ABC141 E. Who Says a Pun?

https://atcoder.jp/contests/abc141/tasks/abc141_e

There exists the way to find LCS (longest common prefix) using DP. LCS, LCP and edit distance are typical problems of string DP. Since the ant book describes only LCS, LCS may be not well known.

#include <bits/stdc++.h>

#define rep(i, n) for (int i = 0; i < (n); i++)
#define repr(i, n) for (int i = (n) - 1; i >= 0; i--)
#define range(a) a.begin(), a.end()

using namespace std;
using ll = long long;

int main() {
  cin.tie(nullptr);
  ios::sync_with_stdio(false);
  int N; cin >> N;
  string S; cin >> S;
  vector<vector<int>> lcp(N + 1, vector<int>(N + 1));
  int ans = 0;
  repr(i, N) {
    repr(j, N) {
      if (S[i] != S[j]) {
        lcp[i][j] = 0;
      } else {
        lcp[i][j] = lcp[i + 1][j + 1] + 1;
      }
      if (i < j) {
        ans = max(ans, min(j - i, lcp[i][j]));
      }
    }
  }
  cout << ans << endl;
}

We can find a lot of binary search solutions, but it is unnecessarily. We can solve this problem in O(N).

For example, if you have "bananaba", its suffix array is as follows.

f:id:pekempey:20190916232741p:plain:w400

Assume that the answer is greater or equal to 2. The pair of (i, j) must be included in the same group (see above figure.) Look at the group which contains "anana" and "ananaba". "anana" is a suffix at 3 and "ananaba" is a suffix at 1. Since abs(3-1)>=2, this assumption is correct, which concludes the answer is greater or equal to 2.

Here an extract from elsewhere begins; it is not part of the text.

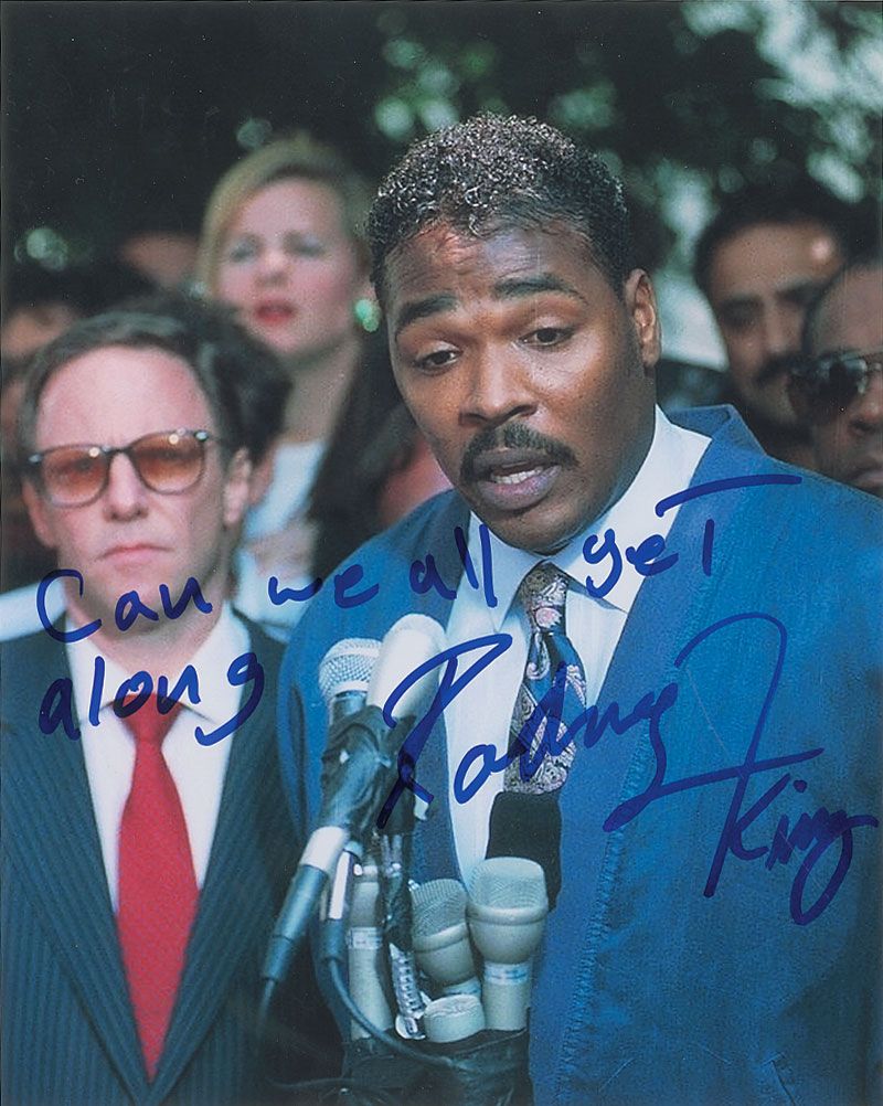 Color glossy 8 x 10 photo of King at a 1992 press conference, signed in-person in blue felt tip, “Can we all get along, Rodney King.” In fine condition. Originally obtained by in-person specialist Mike Wehrmann.

Assume that the answer is greater or equal to 3. In this case, the suffixes are decomposed into

f:id:pekempey:20190916234612p:plain:w400

If the answer is 3, only ("anana", "ananaba") is possible. However, this pair doesn't give the answer because abs(3-1)<3. Therefore, this assumption is incorrect, which concludes the answer is less than 3.

#include <bits/stdc++.h>

#define rep(i, n) for (int i = 0; i < (n); i++)
#define repr(i, n) for (int i = (n) - 1; i >= 0; i--)
#define range(a) a.begin(), a.end()

using namespace std;
using ll = long long;

int main() {
  cin.tie(nullptr);
  ios::sync_with_stdio(false);
  int N; cin >> N;
  string S; cin >> S;
  // SA-IS O(n)
  vector<int> sa(N + 1); rep(i, N + 1) sa[i] = i;
  sort(range(sa), [&](int i, int j) {
    return S.substr(i) < S.substr(j);
  });
  // LCP O(n)
  vector<int> lcp(N + 1);
  rep(i, N) {
    int h = 0;
    while (sa[i] + h < N && sa[i + 1] + h < N && S[sa[i] + h] == S[sa[i + 1] + h]) h++;
    lcp[i] = h;
  }

  vector<int> ord(N);
  rep(i, N) ord[i] = i;
  // counting sort O(n)
  sort(range(ord), [&](int i, int j) { return lcp[i] > lcp[j]; });

  vector<int> l(N + 1);
  vector<int> r(N + 1);
  vector<int> mn(N + 1);
  vector<int> mx(N + 1);
  rep(i, N + 1) {
    l[i] = i;
    r[i] = i;
    mn[i] = sa[i];
    mx[i] = sa[i];
  }

  // O(n)
  int ans = 0;
  for (int i : ord) {
    int j = i + 1;
    int k = l[i];
    r[l[i]] = r[j];
    l[r[j]] = l[i];
    mn[k] = min(mn[k], mn[j]);
    mx[k] = max(mx[k], mx[j]);
    ans = max(ans, min(lcp[i], mx[k] - mn[k]));
  }
  cout << ans << endl;
}

figure: https://github.com/pekempey/figure/tree/master/ABC141E

ABC141 F Xor Sum 3

https://atcoder.jp/contests/abc141/tasks/abc141_f

If the number of ones on i-th bit is odd, 2^i is always added to the answer no matter how we classified them. Therefore, we can use an usual approach for finding lexicographically maximum. We can determine whether some bit can become one or not by using system of linear equations. We may solve this equation 60 times at worst, but which is fast enough.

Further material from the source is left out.